Where bombs don't mean homers

Yesterday I was having a late afternoon latte when my friend who owns one of the old bars in Hamra passed by and invited me to stop by for a beer, so when I finished my coffee, I headed over there. It was around 7pm. When I arrived, only my friend and his friend were there. I stayed for about an hour and a half but no one came. I asked why, and he told me business was bad because of sectarian tension. Later I went to my very dear friend's pub. He was sitting there alone at 9pm on a Friday night. The night before, he had kicked out three Sunni men who were about to cause trouble with a Shia.

Things are bad.

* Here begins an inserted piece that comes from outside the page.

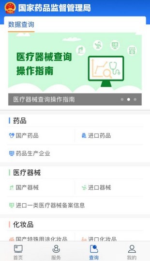 新版“中国药监”开设了数据查询栏目,向用户提供数据服务。数据查询栏目开放了国家药监局对外公布的药品、医疗器械、化妆品相关的产品、企业及许可进度信息,进一步优化数据查询方式和体验,提供了模糊查询和单一字段查询两种查询方式,为用户提供专业、权威的数据参考。为把监管数据揣进用户的口袋,数据查询栏目将不断扩充移动端的数据公开范围,为公众、企业、监管人员提供更加便捷的服务。
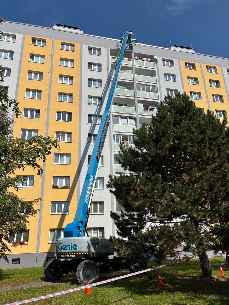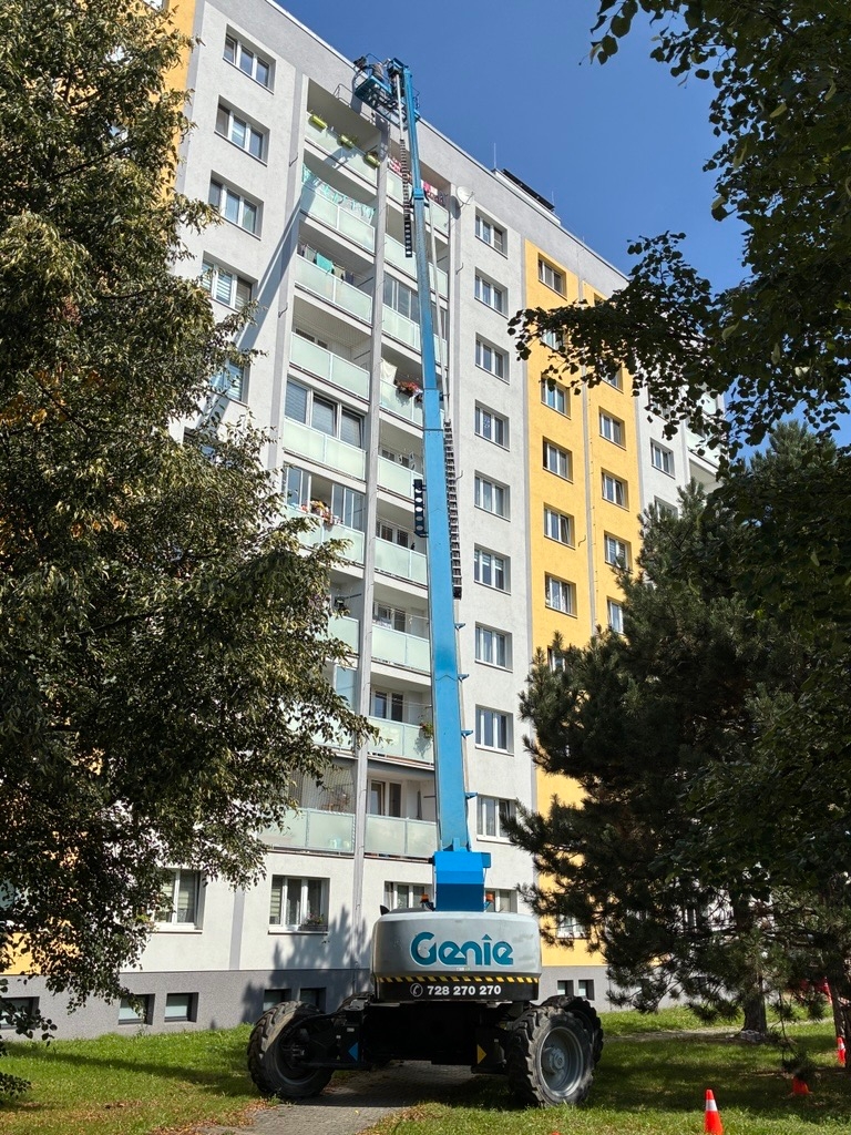 Na projektu v Plzni – Slovanech jsme poskytli technickou podporu formou pronájmu pracovních plošin. Pro práce ve výškách byla nasazena teleskopická pracovní plošina, konkrétně výkonný model Genie SX-125 XC.

Last week Prime Minister Saad Hariri ordered the arrest of a man at the airport, and Hezbollah folks (who control airport security) ignored the order. The politicians go on television nearly every night giving propaganda speeches accusing one another of wild and stupid things. The Tea Party folks seem sane compared to the nutjobs in the Lebanese government. The decent ones who genuinely want peace, like Hariri, are ridiculed as weak or are even accused of being agents of Israel.

As my dear Amigo said, there is fire in the ground.

It's a reality the Lebanese people have to deal with every day. Right now I'm sitting across the street from a bullet-riddled building wondering which conflict put them there. A few weeks ago some idiots spent 5 hours shooting up one part of town with rocket-propelled grenades because some Hezbollah idiot and some Sunni group idiot got into an argument over a parking space and killed each other. The city has been molten since then.

Because I've spent so much time in Beirut, I've come to have many friends here, so the conflict here has become personalized. As the Reds sit poised for their first playoff appearance in 15 years, my excitement is tempered by a sort of - how to put it? - something resembling guilt for having been born in a country where we can devote ourselves to such trivial things as baseball. It just doesn't seem fair for these people to have to keep suffering one stupid conflict after another while us Americans sit on our couches watching sports. That's why the Tea Party idiots make me so angry. Instead of counting their blessings that they were born in the USA, they whine about petty shit and make up things to be afraid of. That mentality is no different than the sectarian bullshit that goes on here.

So, go Reds! But it's not the end of the world if they don't do well. It doesn't even matter.